Well...at the hotel I tried on the sock. I couldn't have pulled harder on that bound off edge...it was not going on my foot. I had this perfectly formed sock - the pattern couldn't have been easier or have gone more smoothly - and I couldn't get it past my toes! Here I was, at Disneyworld, and I was an ugly stepsister trying to squeeze into the proverbial glass slipper. I didn't knit at all the rest of the week long vacation. I didn't start the other sock either. On the way home I was sitting next to some grumpy woman who wasn't all that appreciative of my efforts, so I didn't knit much then either.
Back at home, I undid the bind off and tried using a larger needle with the 4 strands of yarn. A little better, but not nearly acceptable. The sock could have served as a tourniquet should I have needed an amputation.
I undid that bind off and tried something else I'd seen on Knitty Gritty. Annie Modesitt had demonstrated a bind off method of knitting 2 together then putting the resulting stitch back on the left needle, continuing thusly until all stitches were bound off. This was a desperate measure since I had no idea of this method was stretchy or firm, it was just another way to do it and I was grasping at straws.

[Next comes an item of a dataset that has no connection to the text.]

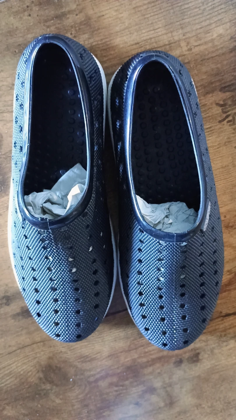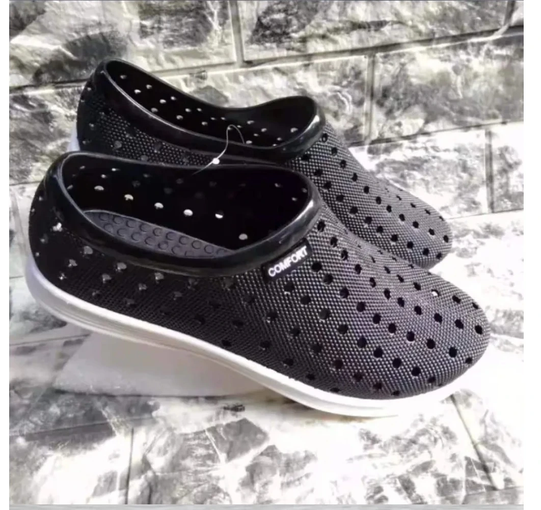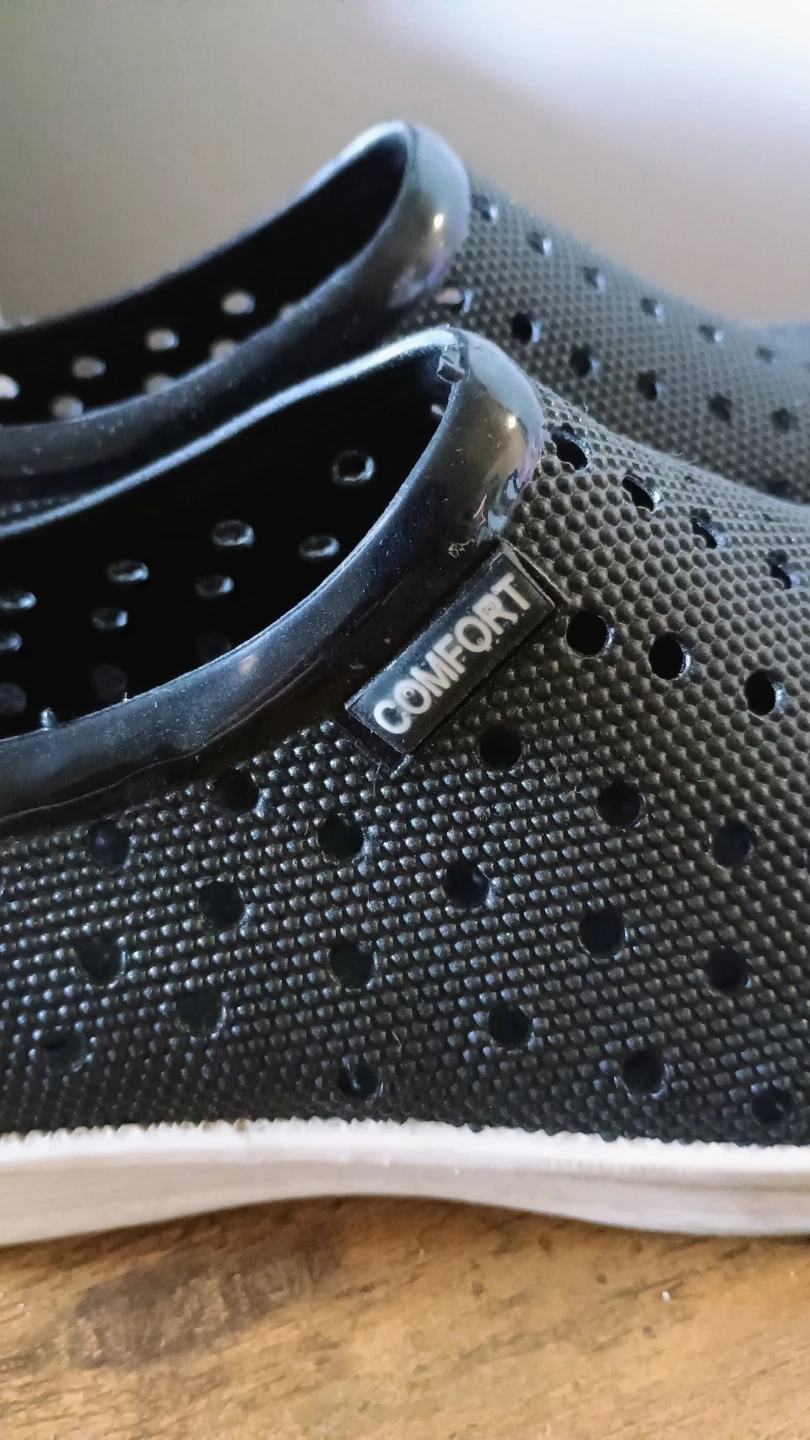 Comfort slip-on water shoes in black. These shoes are made of a flexible, perforated material, perfect for beach or water activities. Easy to clean and quick drying!

The sock sat in that bound off state - still too tight - mocking me from a basket in my closet. I'm not really sure what snapped me out of my sock phobia, but I got going on it again a couple weeks ago. I finished Cookie A.'s Twinkle Toes Socks. These were also toe-up and when making these I learned the fabulously stretchy sewn bind off. Voila! Socks that go on my feet! And they don't cut off my circulation! Bonus!
I finally got the nerve 3 days ago to undo the bind off on my Coriolis sock and do the sewn bind off. I can scarcely put the moment into words. To have my sock bound off, finished, and on my foot looking perfect was almost more than I could bear. But it was still only one sock.
There was no time to lose. When I found the yarn in my closet, I found that I had already completed the square toe section. I printed new directions and got to work. I finished the sock that same day and wore them the next.
Thus is the story of my first pair of socks with actual real live sock yarn.